Do people's understanding of themselves hinge on knowing the quirks of their genomes? Are the SNPs, mutations, and variations, the collections of genes, proteins, and RNAs the essence of who people are, or are they only tools that people can use to make of themselves what they will? These are the questions that drive science writer Lone Frank's new book, My Beautiful Genome — an exploration of her own biology, with the hope of gaining a deeper understanding into her social context. "This is not about biological man standing in opposition to cultural man," Frank writes. "Instead, the goal is to find a more comprehensive familiarity that integrates all the products of human behavior and ideas … and considers them in a biological context. And vice versa."
Frank starts out by recounting her interview with a researcher, during which she rehashed memories of her parents, particularly her father's -alcoholism. But what are routine questions for the researcher cause Frank to wonder how much of her parents' problems will be revisited on her. She sends DeCode Genetics her DNA, and receives a genetic profile, which causes a range of emotions from happiness at not having the ApoE4 gene variant to confusion over whether her coffee habit has affected the size of her breasts. She explores the psychology behind a personal genomic profile, and asks whether behavioral psychologists are sufficiently studying the importance of environment in genetics.
Interspersed within Frank's own personal struggles with her genome are discussions with well-known researchers and retellings of lectures, conference sessions, and even a little bit of hero worship of James Watson.
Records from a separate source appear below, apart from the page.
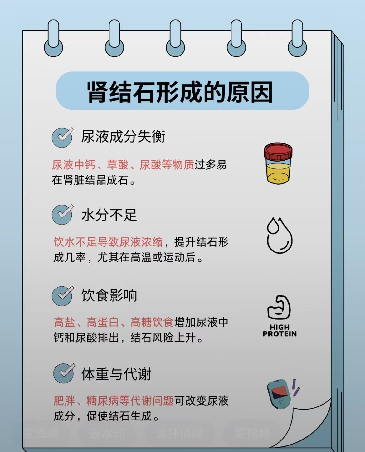 · 后果:肥胖常伴随胰岛素抵抗,这会改变尿液的酸碱度,并增加尿钙排泄,是结石形成的独立危险因素。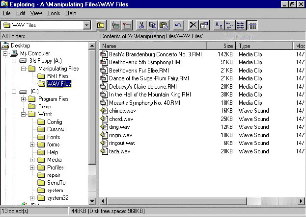 - Click on the folder name WAV Files in the Folders pane to display the contents of the folder in the Files pane. Note that the file Mozart's Symphony No 40.RMI is no longer present.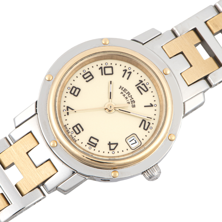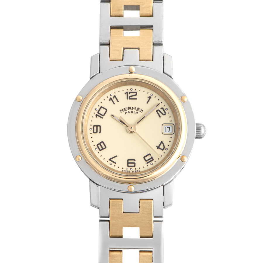 | 商品説明 | ☆エルメス定番モデルのクリッパーです。 19世紀に使用されていた3本のマストの付いた大型快速船の舷窓デザインを原型とし、ベゼルにあしらったビスで忠実に再現しています。 表示価格は現金価格となります。 通常ローンはご利用いただけます。 |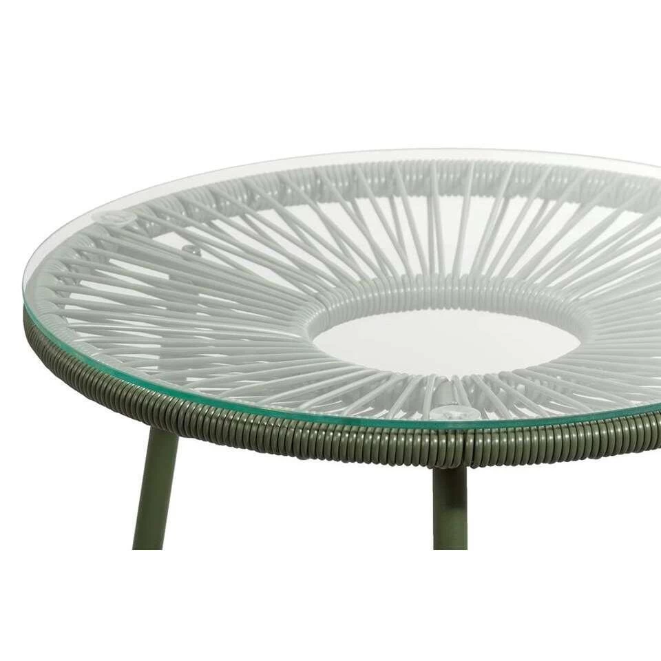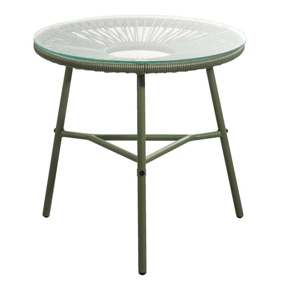 Dit ronde bijzettafeltje is gemaakt van metaal en kunststof. Het heeft een glazen blad, waardoor je veilig je lekkerste drankjes erop kunt zetten. Door dit onderhoudsvrije materiaal is dit bijzettafeltje geschikt voor zowel binnen als buitengebruik. De olijfgroene kleur past helemaal bij de natuurlijke/botanische stijl van dit seizoen. En zorgt tegelijkertijd voor kleur en warmte in je interieur. Het tafeltje is compact en handzaam, waardoor je het makkelijk kunt verplaatsen.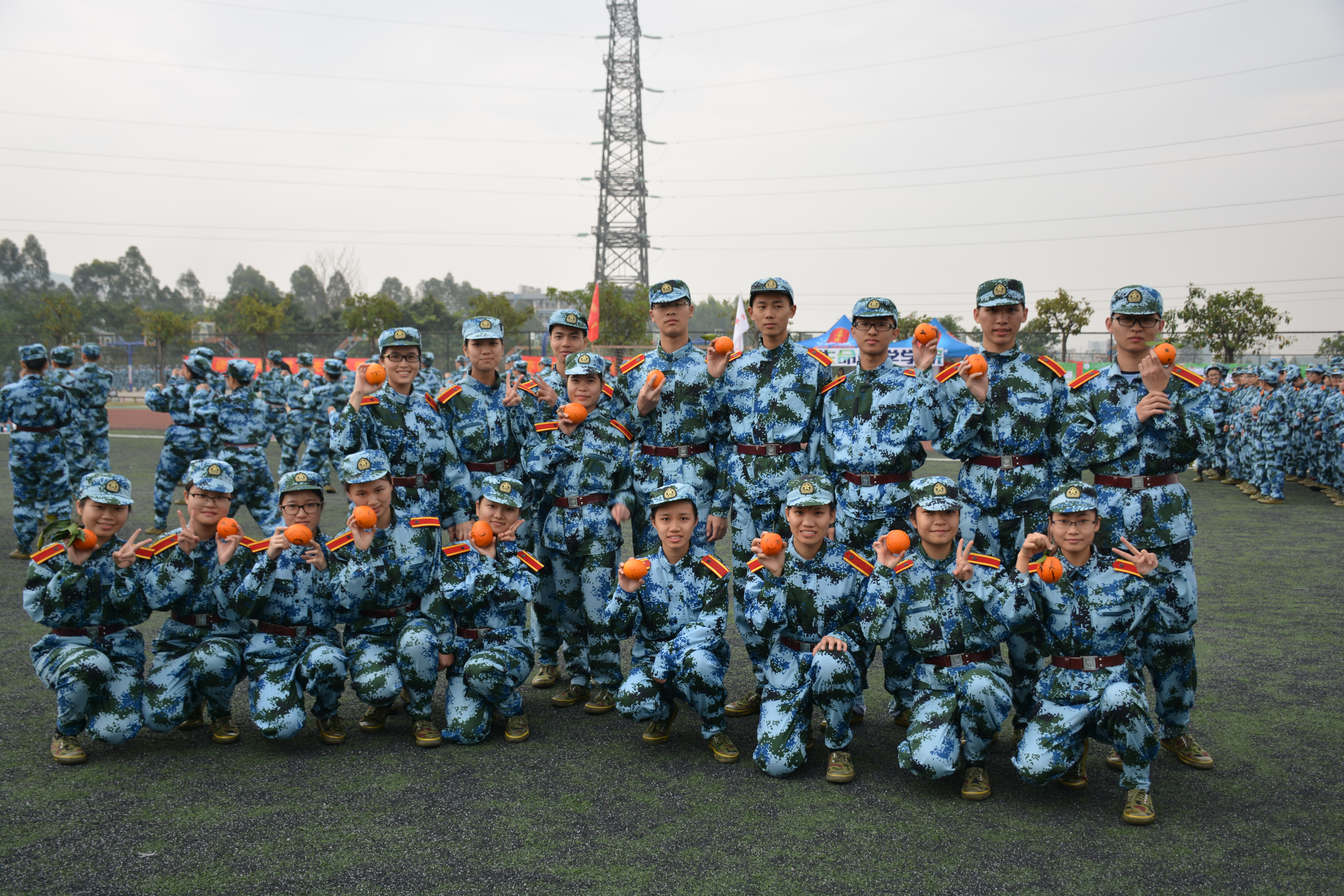 14日上午,操场中央出现了一排画着各种表情的橙子。龇牙的、调皮的、害羞的,画上表情的橙子格外引人注目。原来这是2015级包装工程二班的班主任罗卿心老师特意带给同学们的礼物。在被问到为什么要送同学们橙子时,罗老师说道:“橙子有很多寓意呀!比如与‘诚’同音,希望他们诚实诚信;橙子也是一种很阳光的水果,希望同学们一直保持阳光的心态。最主要的是,橙子能补充维C,军训中的学员们也要特别注意身体。”同学们表示“表情”橙子给军训增添了一份浓浓的乐趣。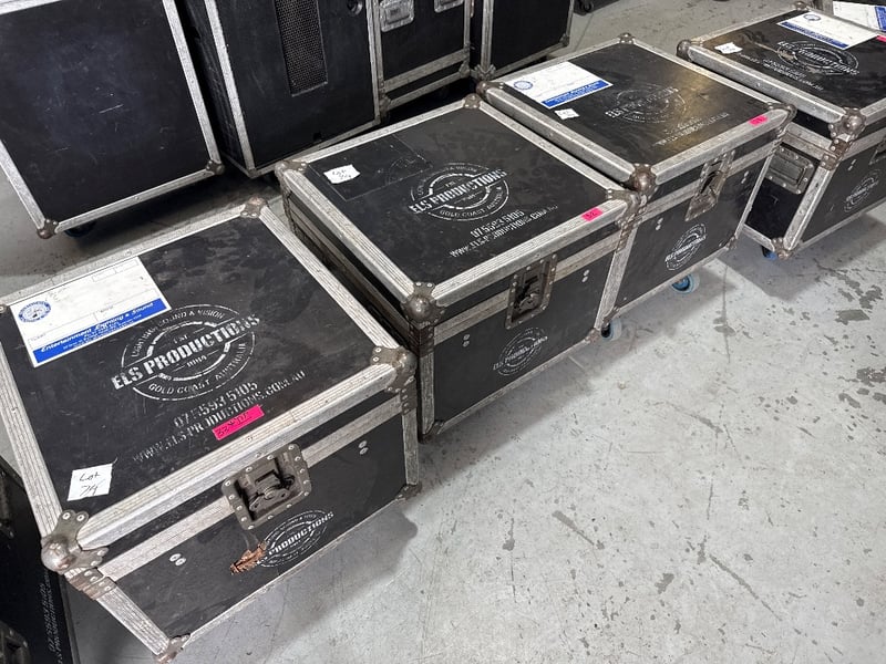9 x Road Case, Caster Wheels, 530mm 530mm 390mm BID PER EACH MUST TAKE ALL Location: Burleigh, QLD Contact: Jamie Fountain on 0486 045 295 or [email protected] Collections must occur Monday 24th to Wednesday 26th of November between 9am to 4pm, once full cleared funds have been received. Collection dates to be strictly adhered to. Items not collected during this period will likely be deemed as abandoned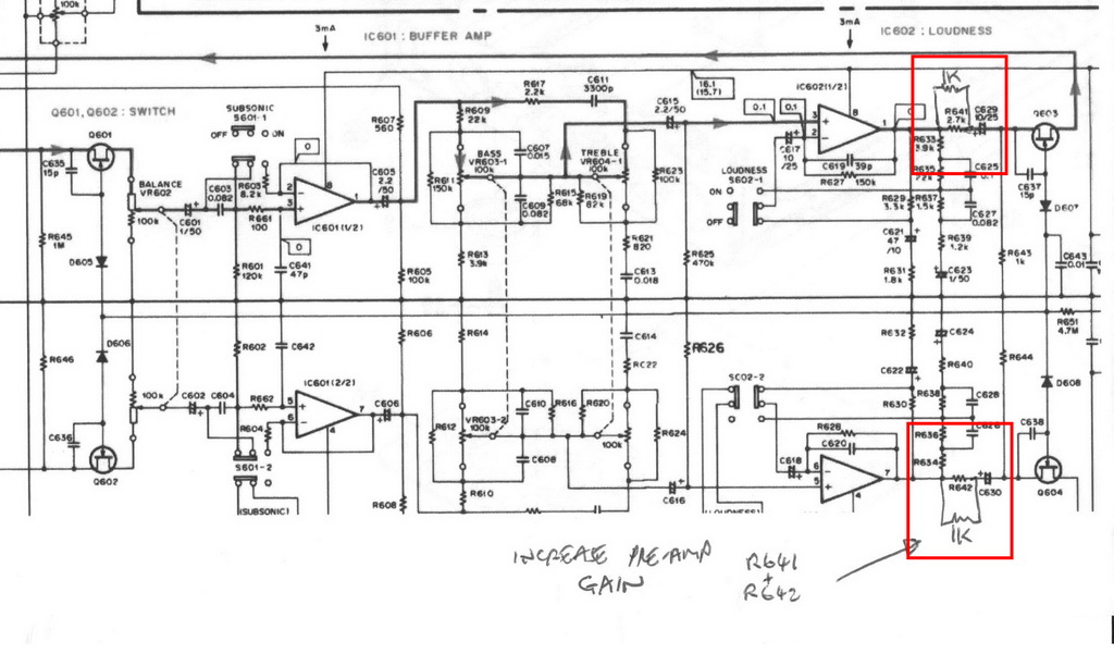 My own setup has a reduced LINE level (from the Tv) in terms of voltage so i've actually modified my amplifier in order to increase the gain of the pre-amp. R641 & R642 I have put a 1k resistor in parallel with the existing 2.7k resistors. Modified schematic here (jpg) for info.

In turns funny and touching, Frank's beautifully written book reflects both the wonder and trepidation with which many people view genomics. Wonder for the truly amazing discoveries and advances being made at what seems to be an ever-increasing pace. Trepidation for the fear of the unknown that nearly everyone experiences when confronted with something that could ultimately reveal why people are the way they are.
Do people's genes define them, Frank asks, or do people take what nature has given them, and use that to define themselves? It turns out, maybe it's a little of both. "As I can bear witness, seeking and finding out what your DNA says inevitably has the wonderful effect of raising a lot of questions," Frank says. "Now that I have looked into my genes, the result is not a simplified self-image. … [My genome] tells me that I am not totally free, but neither am I completely responsible for who I am and what I have ultimately become."